What is required
Below is a listing; retype exactly the lines between the one containing "図は8月13日0時ころの夜空" and the one containing "對有折斷槽的鋼絲螺套,旋入螺", inclusive, minus the pictures.

Input data

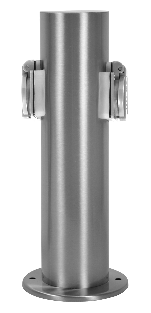 -2er Steckdosensäule, runder Edelstahlkörper, inkl. 2 Steckdosen, max.
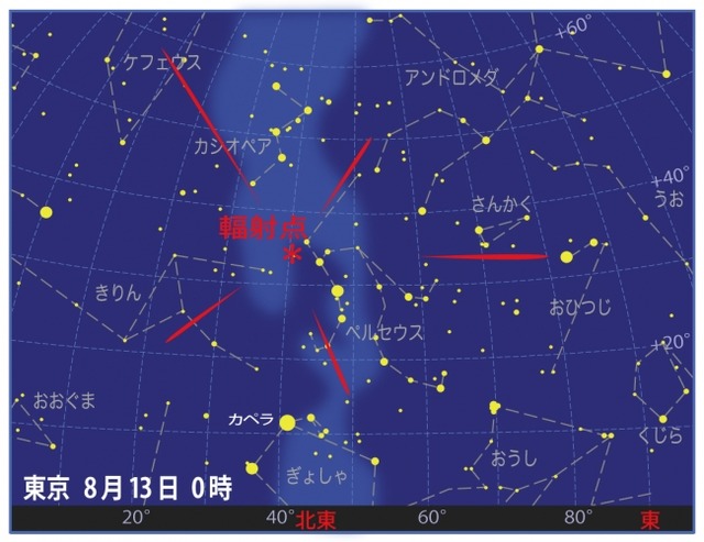 図は8月13日0時ころの夜空北東の空の様子です。流れ星はカシオペア座の下、ペルセウス座の左肩のあたりから放射状に飛び出します。しかし、流れ星はあらゆる方向に飛び出すので、広く空全体を見るようにすると、流れ星を観測することができます。
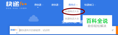 然后进入到快递100网站,点击上方的“查网点”,在下拉中选择网点大全,如图
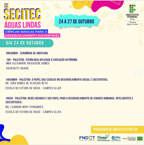 O Instituto Federal de Goiás, Campus de Águas Lindas, realizou a IX SECITEC – Ciências Básicas para o Desenvolvimento Sustentável nos dias 24 a 27 de outubro.
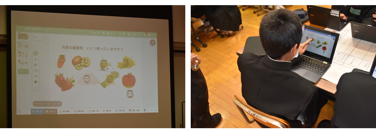 そして、丹原出身の教師による町内の特産品を、生徒各自のパソコンやタブレット等で問題を出しながら説明していた。
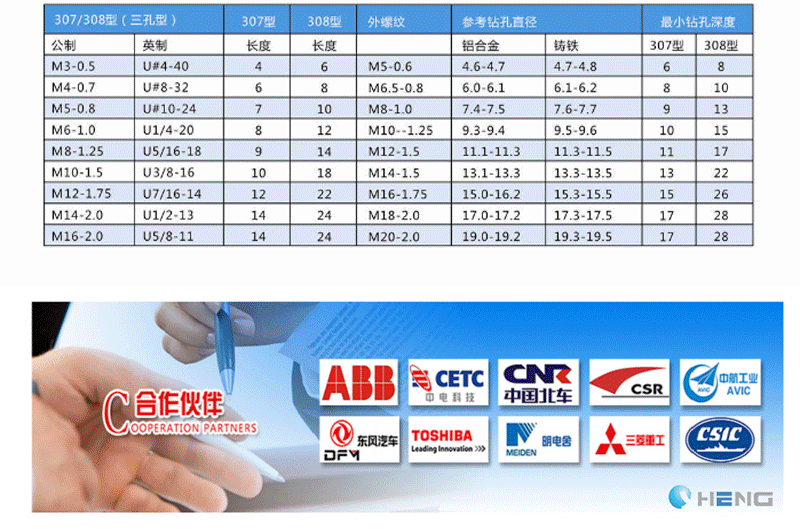 對有折斷槽的鋼絲螺套,旋入螺孔后應將安裝柄去除,需用去柄工具。通孔時要將鋼絲螺套安裝柄折斷一般用沖斷器對準安裝柄 200g 左右的榔頭猛打一下即可去除對于 M18×2.5 以上的粗牙鋼絲螺套和 M14×1.25 以上的細牙鋼絲螺套 , 用尖嘴鉗上下彎曲安裝柄就能折斷,然后將斷下來的安裝柄從螺孔中取出即可。
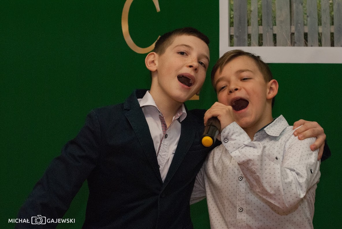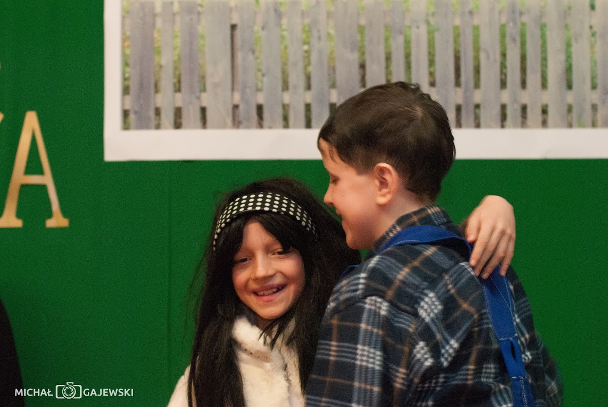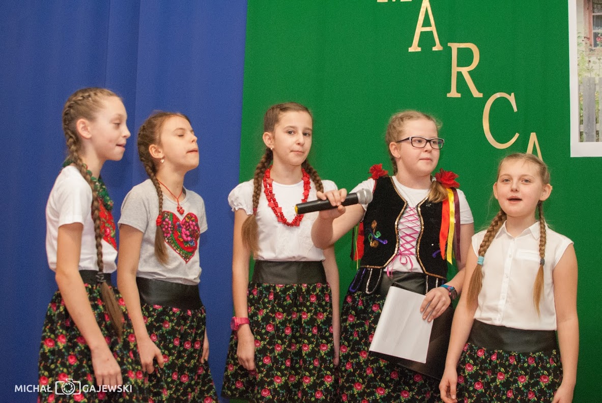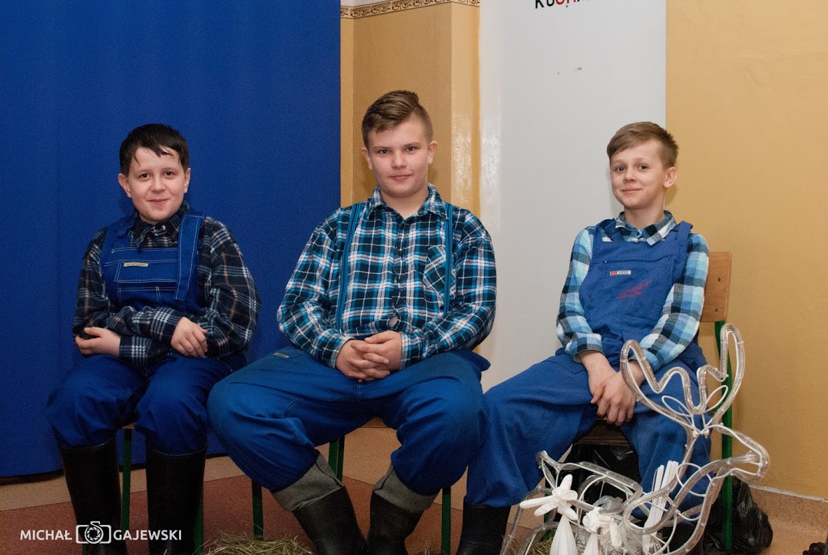 Jak więc świętować Dzień Kobiet we współczesnej Polsce? Najlepszym rozwiązaniem wydaje się być dostrzeżenie tego dnia wkładu pań w życie społeczne, rodzinne i polityczne naszego kraju; dowartościowanie roli matki, żony i koleżanki z pracy, podziękowanie za ich codzienną empatyczną, pełną troski i miłości obecność; sprawienie, by na zabieganej twarzy współczesnej kobiety godzącej opiekę nad ogniskiem domowym z obowiązkami zawodowymi pojawił się uśmiech. Ten ostatni cel wyznaczyli sobie autorzy tegorocznego występu z okazji Dnia Kobiet, Karol Kaczmarzyk i Michał Gajewski. Z kreatywnym i pełnym zaangażowania udziałem klasy V zaprezentowali program artystyczny pt. „Rolnik szuka żony” nawiązujący do popularnego programu telewizyjnego. Utarła się tradycja, że 8 marca w role dziewcząt wcielają się chłopcy, tak więc i tym razem role kandydatek na żony rolników odegrali chłopcy. Mieli przed sobą nie lada wyzwania: wykonanie makijażu, dojenie krowy czy skrobanie ziemniaków, z których wywiązali się wzorowo, ku uciesze zgromadzonej widowni. Część chłopców wcieliła się w role zdesperowanych starokawalerstwem rolników szukających szczęścia w miłości zaś dziewczęta zajęły się oprawą muzyczną wstępu. Na zakończenie akademii popłynęła moc gorących życzeń dla wszystkich PAŃ i DZIEWCZĄT. I pomimo, iż pogoda za oknem nie była przyjemna, to w szkolnych salach panował ciepły, pogodny i wesoły nastrój.
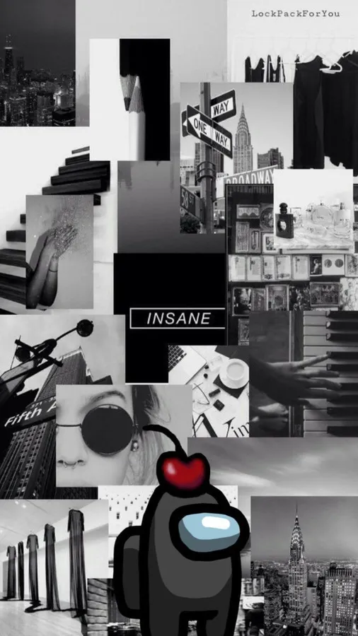 Der Schwarze Crewkollege Von Among Us Trägt Eine Kirsche Auf Dem Kopf, Während Er Vor Einer Schwarz-weiß-collage Auftritt.
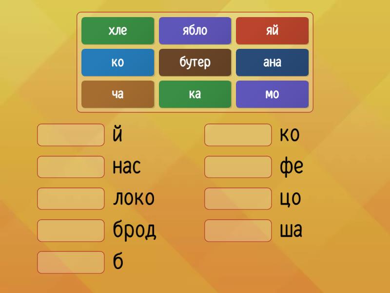 мо - локо , ко - фе, ча - й, ябло - ко, ана - нас, бутер - брод, яй - цо, ка - ша, хле - б,
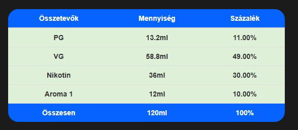 Ha jól számoltam a kalkulátorral 70VG-30PG 6mg/ml 10% arányos keverés
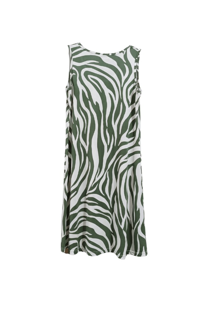 Αμάνικο φόρεμα με φαρδιά ράντα με άνετη γραμμή σε Χακί χρώμα.

Result of the exercise
 図は8月13日0時ころの夜空北東の空の様子です。流れ星はカシオペア座の下、ペルセウス座の左肩のあたりから放射状に飛び出します。しかし、流れ星はあらゆる方向に飛び出すので、広く空全体を見るようにすると、流れ星を観測することができます。
 然后进入到快递100网站,点击上方的“查网点”,在下拉中选择网点大全,如图
 O Instituto Federal de Goiás, Campus de Águas Lindas, realizou a IX SECITEC – Ciências Básicas para o Desenvolvimento Sustentável nos dias 24 a 27 de outubro.
 そして、丹原出身の教師による町内の特産品を、生徒各自のパソコンやタブレット等で問題を出しながら説明していた。
 對有折斷槽的鋼絲螺套,旋入螺孔后應將安裝柄去除,需用去柄工具。通孔時要將鋼絲螺套安裝柄折斷一般用沖斷器對準安裝柄 200g 左右的榔頭猛打一下即可去除對于 M18×2.5 以上的粗牙鋼絲螺套和 M14×1.25 以上的細牙鋼絲螺套 , 用尖嘴鉗上下彎曲安裝柄就能折斷,然后將斷下來的安裝柄從螺孔中取出即可。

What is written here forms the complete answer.